Not to see Ray’s films was like not seeing the sun or the moon, said Akira Kurosawa. A retrospective affords you the chance

Martin Scorsese described the work of Satyajit Ray as “treasures of cinema” that should be watched by “everyone with an interest in film”. The Japanese master Akira Kurosawa went further: “Not to have seen the cinema of Ray means existing in the world without seeing the sun or the moon.” Given how rarely the Bengali director’s work is now available to view, many film lovers will not have seen some of the foundational wonders of the art form. So the British Film Institute is to be congratulated for its retrospective of Ray. Running to the end of August and screening in cinemas across the UK, it takes in everything he made for the big screen.
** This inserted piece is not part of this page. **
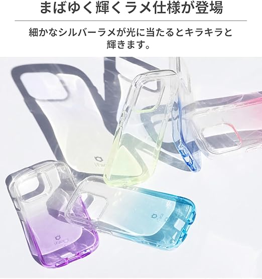 Color Me Pop!グラデーションが印象的なiFace Look in Clear Lolly(ロリー)からシルバーラメが入った新デザインが登場。細かなラメで一層iPhoneが可愛く引き立つ!iPhoneの色を透かして自分なりのグラデーションカラーを楽しむのもよし、iFaceのインナーシート(1枚推奨)を挟んでアレンジしてもOK。フチの透け感が可愛いので、淡い色の機器はもちろん、濃い色の機器でも楽しめます。

If Ray is known for anything in Britain and the US, it is his 1955 classic Pather Panchali (Song of the Open Road), which tells the story of a family in a little village in the Indian state of Bengal, living a life of complete penury. It was a work of amateurs: Ray’s debut as director, first-time actors and an inexperienced crew. Shooting was constantly interrupted by the lack of money and dragged on for years. The music was composed by Ravi Shankar, who was not then the sitar legend he was about to become. Somehow, the near-innocence of everyone involved helped give the final work its sense of conveying a very pure, intimate story. The Observer’s film critic Philip French later praised it as “one of the greatest pictures ever made”. But the singular mistake made by some critics was to see it as a simple story, simply told. It was instead a complex work made by a scholar of film. Ray had met Jean Renoir and studied Vittorio De Sica’s Bicycle Thieves. He was from a family of writers and social reformers who had figured in the 19th-century Bengal renaissance, that answer and challenge by Bengalis to the British colonialists and their culture.